Argentina kept a sympathetic, pro-Nazi stance for some time under the rule of President Juan Domingo Perón, and it’s possible the artifacts found in Argentina were brought by Nazis themselves, said Dr. Wesley Fisher, Director of Research for the Conference on Jewish Material Claims Against Germany. “They clearly were bringing with them paraphernalia that was important to the Nazi regime.”

Fisher said items such as these would have originally belonged to senior officials in the Nazi government, but could have been stolen from them and dispersed by other persons later. “There may be an underground or secret market for these things,” said Fisher. “But it would seem more likely that these items were brought in after the war.”

A Nazi medical device used to measure head size is seen at the Interpol headquarters in Buenos Aires, Argentina. (Credit: Natacha Pisarenko/ AP Photo)
A Nazi medical device used to measure head size is seen at the Interpol headquarters in Buenos Aires, Argentina. (Credit: Natacha Pisarenko/ AP Photo)

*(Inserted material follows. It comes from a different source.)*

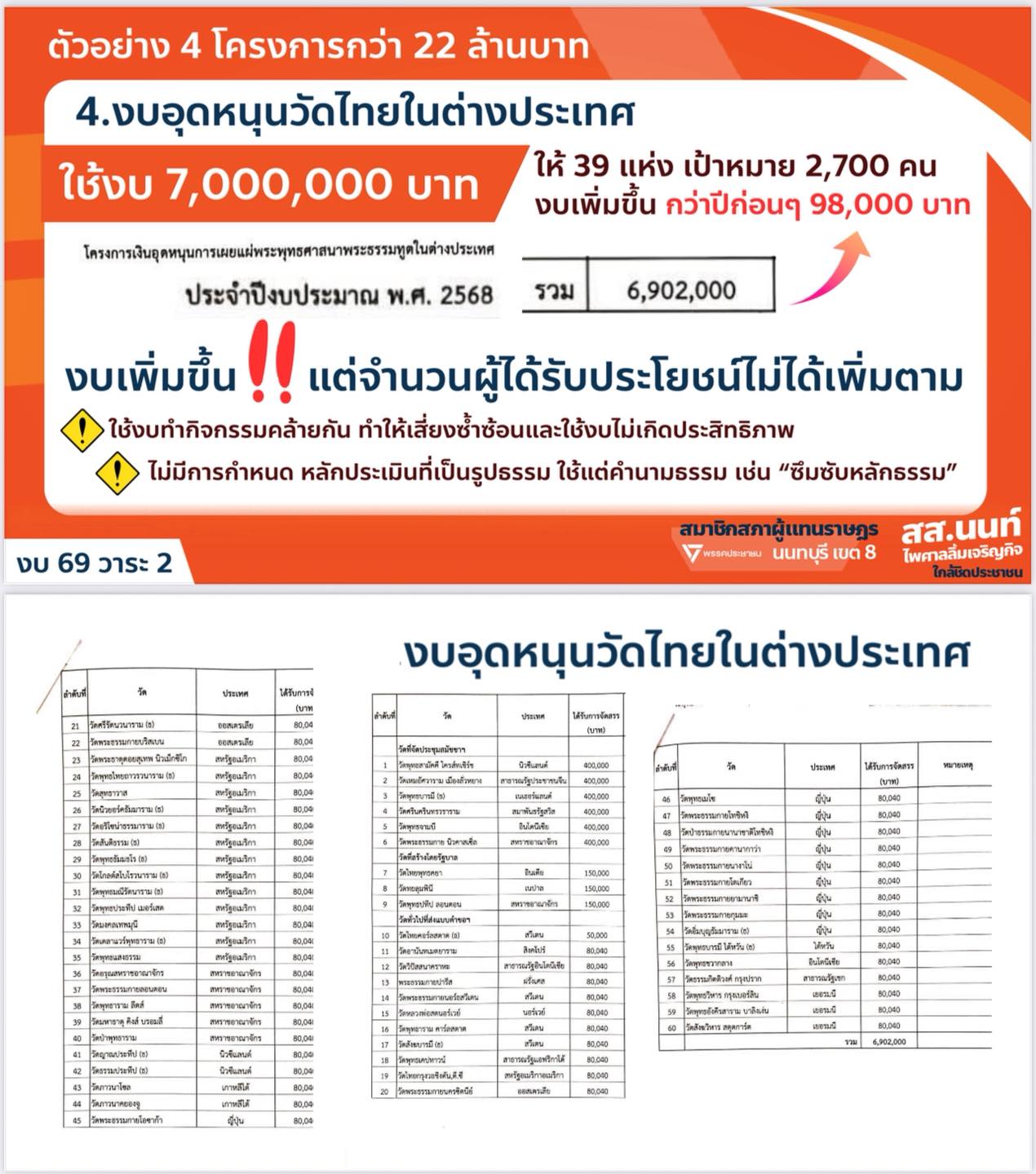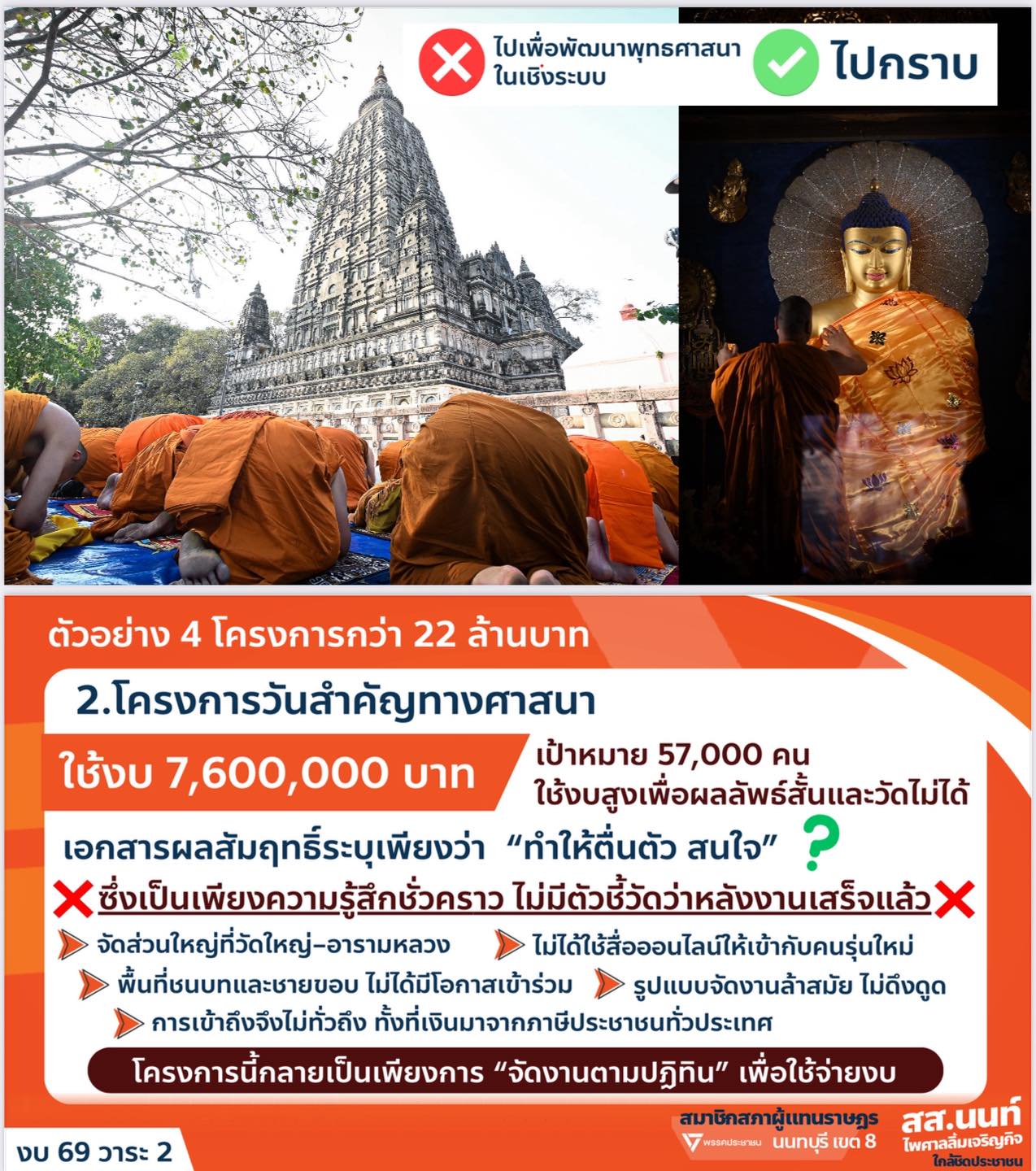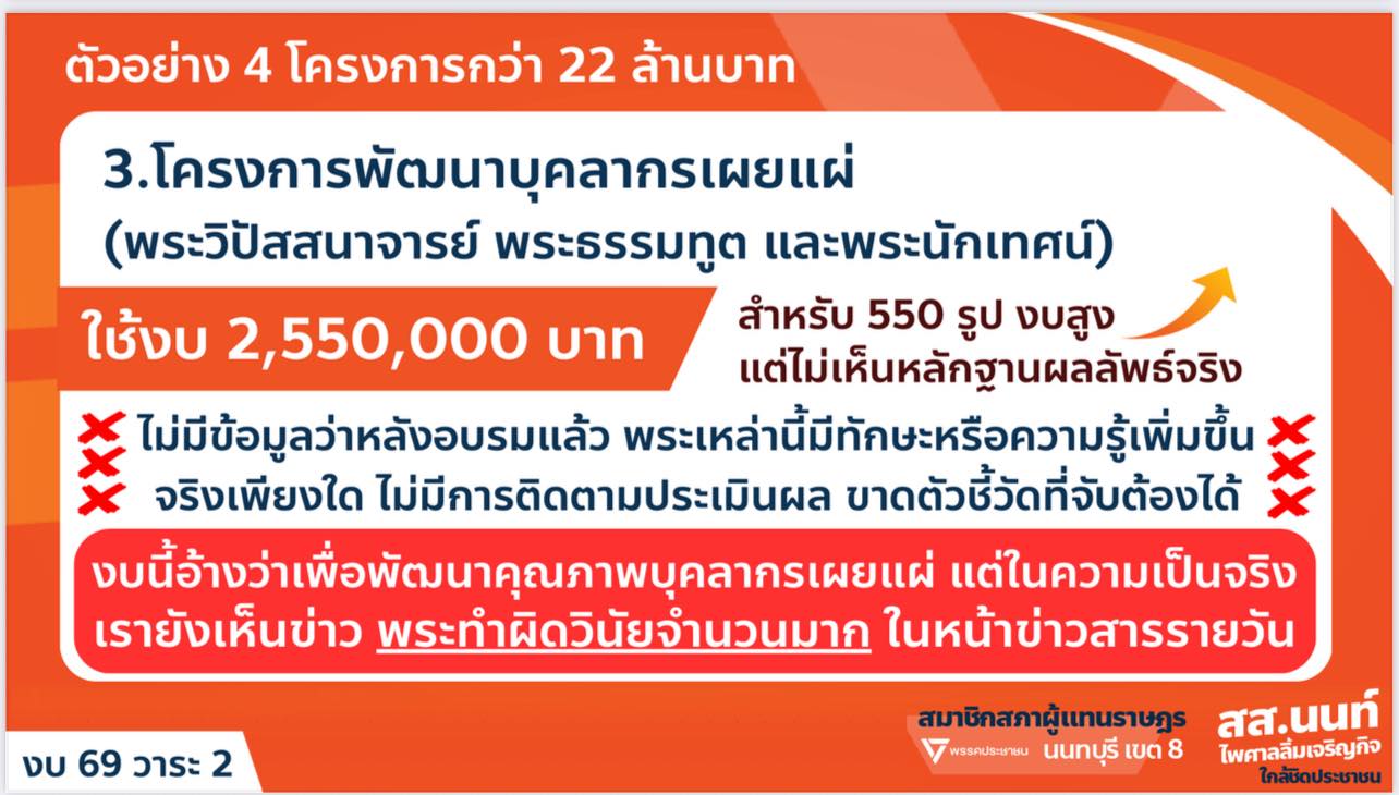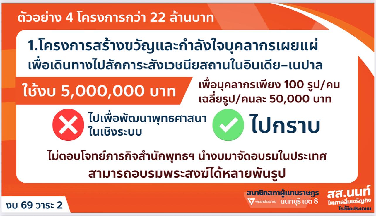 16 สิงหาคม 2568 - กรณีนายนนท์ ไพศาลลิ้มเจริญกิจ ส.ส.นนทบุรี พรรคประชาชน เสนอตัดงบประมาณรายจ่ายประจำปี 2569 ของสำนักงานพระพุทธศาสนาแห่งชาติ (พศ.) โดยยกตัวอย่าง โครงการสร้างขวัญและกำลังใจบุคลากรเผยแผ่เพื่อเดินทางไปสักการะสังเวชนียสถานในอินเดีย-เนปาล ไม่คุ้มค่า ไม่เกิดประโยชน์ ไม่ตอบโจทย์ภารกิจสำนักพุทธฯ พร้อมเสนอให้ยกเลิกโครงการทั้งหมด พร้อมถ้อยคำว่า "กราบอะไรก็ไม่รู้"

Not all experts agree. Guy Walters, author of the 2009 book Hunting Evil: The Nazi War Criminals Who Escaped and the Dramatic Hunt to Bring Them to Justice, said there’s no way that the artifacts found in Argentina would have come from high-ranking Nazis. “Adolf Eichmann and Josef Mengele escaped with very little luggage,” said Walters. “[Eichmann] was not the type of man to collect artifacts. Mengele was a richer man, but again, it makes no sense for someone like Josef Mengele to collect that amount of Nazi junk.”

The Nazis who escaped via the ratlines were only able to carry “a couple of suitcases” with them, noted Walters, and would not have had enough room for the sheer number of artifacts that were found in Argentina. Plus, most S.S. officers worked hard to conceal their identities after fleeing Germany. “The idea that they were traveling with objects like Hitler’s magnifying glass is simply unbelievable,” he says. “This is only a secret collection because it’s tasteless.”

A knife with Nazi markings is seen at the Interpol headquarters in Buenos Aires, Argentina. (Credit: Natacha Pisarenko/ AP Photo)
A knife with Nazi markings is seen at the Interpol headquarters in Buenos Aires, Argentina. (Credit: Natacha Pisarenko/ AP Photo)

As for the significance of the medical equipment and the photo negative of Hitler using the magnifying glass? There are lots of objects that Hitler touched, but it doesn’t mean they would belong to a senior Nazi, Walters said. “There are a lot of people in the world who collect Nazi memorabilia, and some of them live in Argentina,” said Walters. “They’re not illegal. You can buy this stuff on eBay.”

Since being discovered, the artifacts have been put on display at the Delegation of Argentine Israeli Associations, in Buenos Aires.